EXERCISE. Leaving the pictures aside, reproduce the data in full and word for word.

STORED DATA.
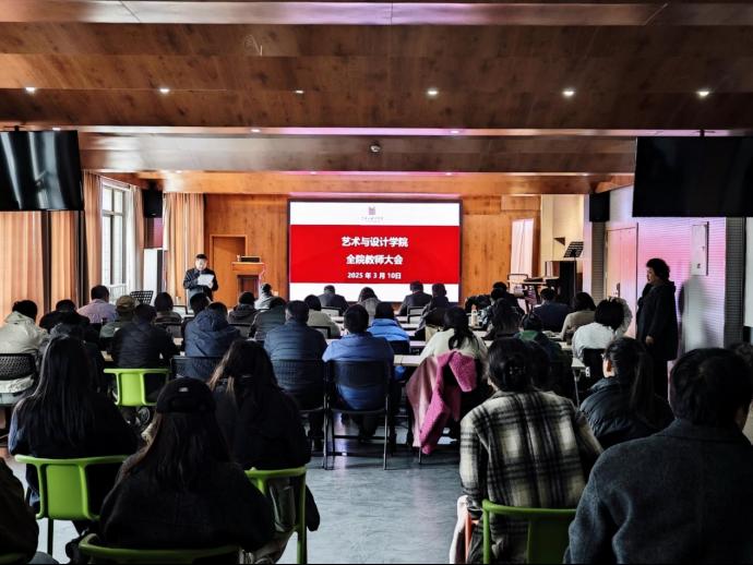 会议首先由方勇领学了习近平总书记2025年3月6日在看望参加政协会议的民盟民进教育界委员时的重要讲话精神,随后院领导班子分别作述职述德述廉汇报,详细总结了我院过去一年在党建、教学、科研、学科建设、人才队伍建设、国际交流合作等方面取得的突破性进展,并围绕新学期各项工作作具体部署。宋益民强调,去年我院在科研团队建设、教育部课题等省部级项目课题方面成果丰硕,新学期要力争在国家级项目上取得突破。佘醒强调,教学审核评估工作开展在即,全体教师要高度重视,狠抓教风学风,并做好教学资料袋等过程性工作。方勇强调,去年我院在学籍、考试等方面保持“零违纪”“零作弊”“零记录”,就业和征兵工作更是在全校范围内取得就业率和征兵指标达成率双第一,新学期要在全体教师的共同努力下继续保持这一良好态势。肖旺群总结强调,2025年学院将重点围绕“博点申请要素积累”“国家基金”“大型横向项目”等目标发力,并号召全院广大师生积极拥抱AI、学习AI、运用AI,以创新思维推动艺术教育与时代需求同频共振。
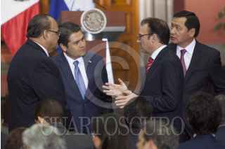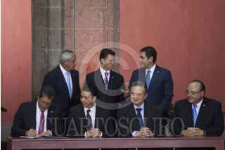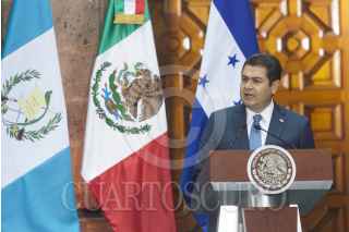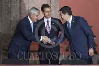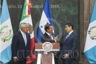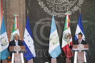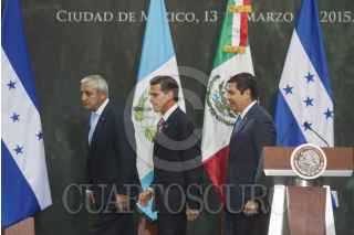 MÉXICO, D.F., 13MARZO2015.- Otto Pérez Molina, Presidente de Guatemala, Enrique Peña Nieto, Presidente de México y Juan Carlos Hernández Alvarado, Presidente de la República de Honduras, durante un mensaje conjunto en Palacio Nacional, esto en el marco de la firma de varios acuerdos de cooperación y entendimiento entre las tres naciones con el fin de fortalecer sus relaciones económicas. FOTO: MOISÉS PABLO /CUARTOSCURO.COM
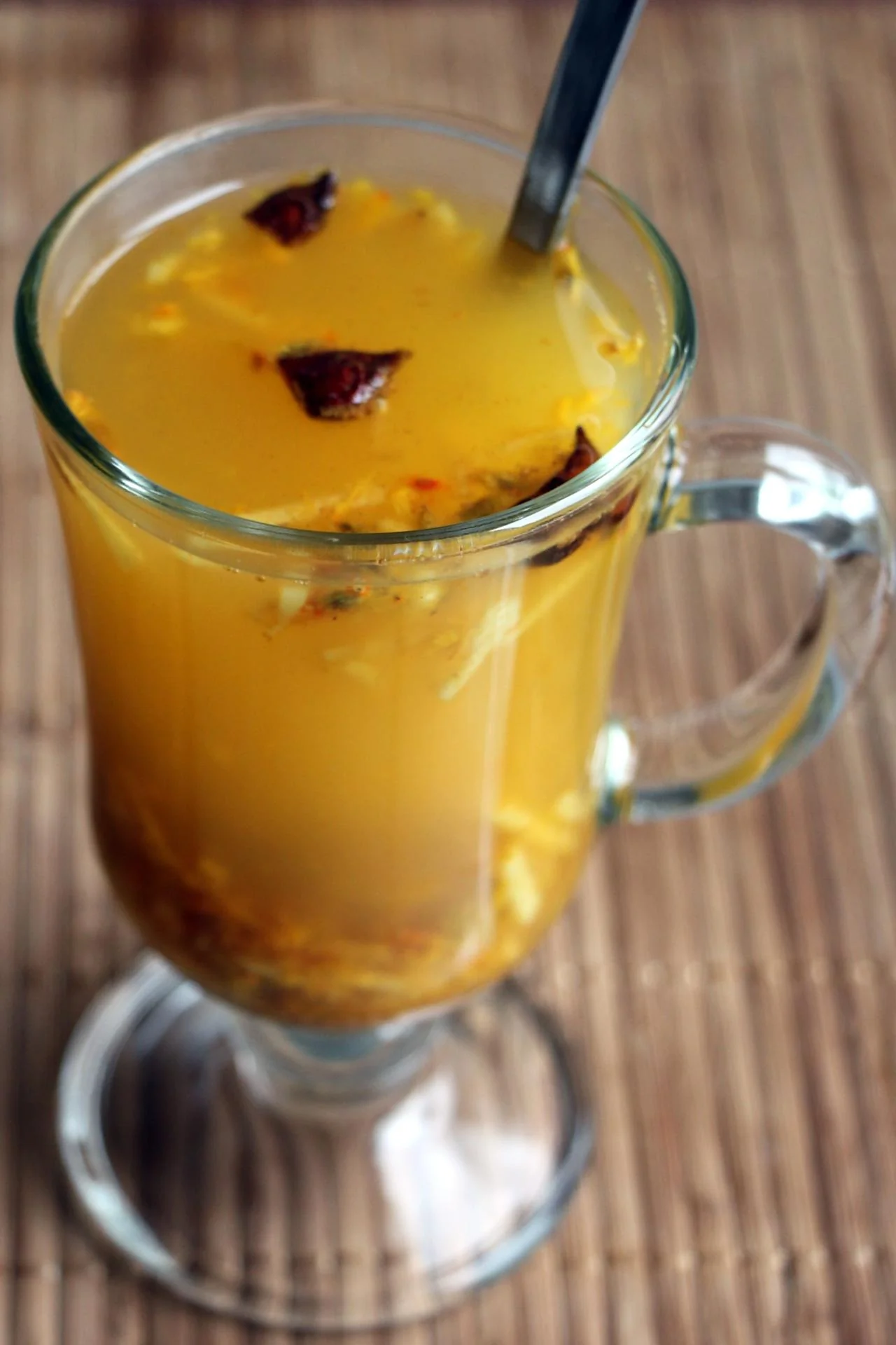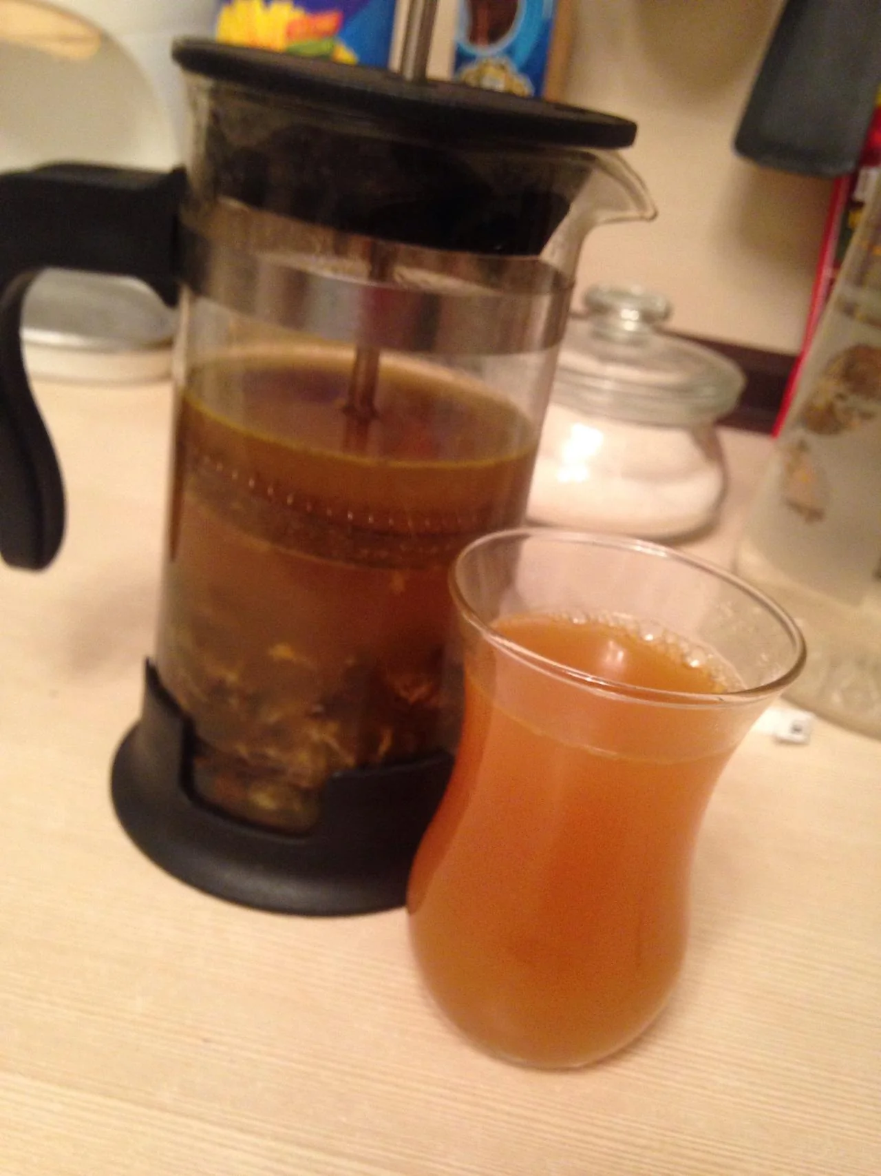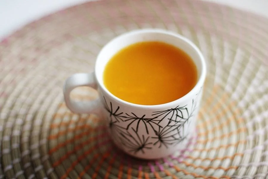 ШАГ 2 В стакан положить смесь из имбиря и облепихи. Добавить звездочку бадьяна и палочку корицы, мед по вкусу. Залить кипятком. Дать настоятся 5–7 минут.
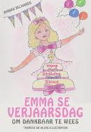 "My naam is Emma. Vandag is my verjaarsdag en ek is baie opgewonde! Ek is sewe jaar oud." Clarence Thomas het gesê dat "Goeie maniere sal deure oopmaak wat die beste onderwys nie kan nie.” Hierdie woorde spreek volumes, soos in vandag se uiteenlopende en veranderende samelewing word ons as individue geëvalueer, op wat ons weet en hoe ons ander se gevoelens beskou. As ouers is ons geneig om meer te fokus op ons kind se akademiese/fisiese vaardigheidsversameling. Partykeer vergeet ons dat emosionele volwassenheid ook baie balangrik is, selfs vir jong kinders. Hierdie emosionele vaardighede sal jou kind se vermoë om langdurige verhoudings met hulle vriende verbeter. Dit sal hulle ook in staat stel om in ‘n morele volwassene te groei. Lesse vir die lewe word gewoonlik geleer deur gebruik te maak van die mees eenvoudige gebeurtenisse binne die menslike ervaring. Hierdie boek fokus op hoe jou kind moet reageer wanneer hulle 'n geskenk ontvang wat hulle nie waardeer nie. "Emma se Verjaarsdag - Om Dankbaar te Wees" is vermaak en maklik om te lees. Ons kan almal baie van Emma leer, en ek sien uit daarna om haar storie met jou te deel.

EXERCISE RESPONSE.
 会议首先由方勇领学了习近平总书记2025年3月6日在看望参加政协会议的民盟民进教育界委员时的重要讲话精神,随后院领导班子分别作述职述德述廉汇报,详细总结了我院过去一年在党建、教学、科研、学科建设、人才队伍建设、国际交流合作等方面取得的突破性进展,并围绕新学期各项工作作具体部署。宋益民强调,去年我院在科研团队建设、教育部课题等省部级项目课题方面成果丰硕,新学期要力争在国家级项目上取得突破。佘醒强调,教学审核评估工作开展在即,全体教师要高度重视,狠抓教风学风,并做好教学资料袋等过程性工作。方勇强调,去年我院在学籍、考试等方面保持“零违纪”“零作弊”“零记录”,就业和征兵工作更是在全校范围内取得就业率和征兵指标达成率双第一,新学期要在全体教师的共同努力下继续保持这一良好态势。肖旺群总结强调,2025年学院将重点围绕“博点申请要素积累”“国家基金”“大型横向项目”等目标发力,并号召全院广大师生积极拥抱AI、学习AI、运用AI,以创新思维推动艺术教育与时代需求同频共振。
 MÉXICO, D.F., 13MARZO2015.- Otto Pérez Molina, Presidente de Guatemala, Enrique Peña Nieto, Presidente de México y Juan Carlos Hernández Alvarado, Presidente de la República de Honduras, durante un mensaje conjunto en Palacio Nacional, esto en el marco de la firma de varios acuerdos de cooperación y entendimiento entre las tres naciones con el fin de fortalecer sus relaciones económicas. FOTO: MOISÉS PABLO /CUARTOSCURO.COM
 ШАГ 2 В стакан положить смесь из имбиря и облепихи. Добавить звездочку бадьяна и палочку корицы, мед по вкусу. Залить кипятком. Дать настоятся 5–7 минут.
 "My naam is Emma. Vandag is my verjaarsdag en ek is baie opgewonde! Ek is sewe jaar oud." Clarence Thomas het gesê dat "Goeie maniere sal deure oopmaak wat die beste onderwys nie kan nie.” Hierdie woorde spreek volumes, soos in vandag se uiteenlopende en veranderende samelewing word ons as individue geëvalueer, op wat ons weet en hoe ons ander se gevoelens beskou. As ouers is ons geneig om meer te fokus op ons kind se akademiese/fisiese vaardigheidsversameling. Partykeer vergeet ons dat emosionele volwassenheid ook baie balangrik is, selfs vir jong kinders. Hierdie emosionele vaardighede sal jou kind se vermoë om langdurige verhoudings met hulle vriende verbeter. Dit sal hulle ook in staat stel om in ‘n morele volwassene te groei. Lesse vir die lewe word gewoonlik geleer deur gebruik te maak van die mees eenvoudige gebeurtenisse binne die menslike ervaring. Hierdie boek fokus op hoe jou kind moet reageer wanneer hulle 'n geskenk ontvang wat hulle nie waardeer nie. "Emma se Verjaarsdag - Om Dankbaar te Wees" is vermaak en maklik om te lees. Ons kan almal baie van Emma leer, en ek sien uit daarna om haar storie met jou te deel.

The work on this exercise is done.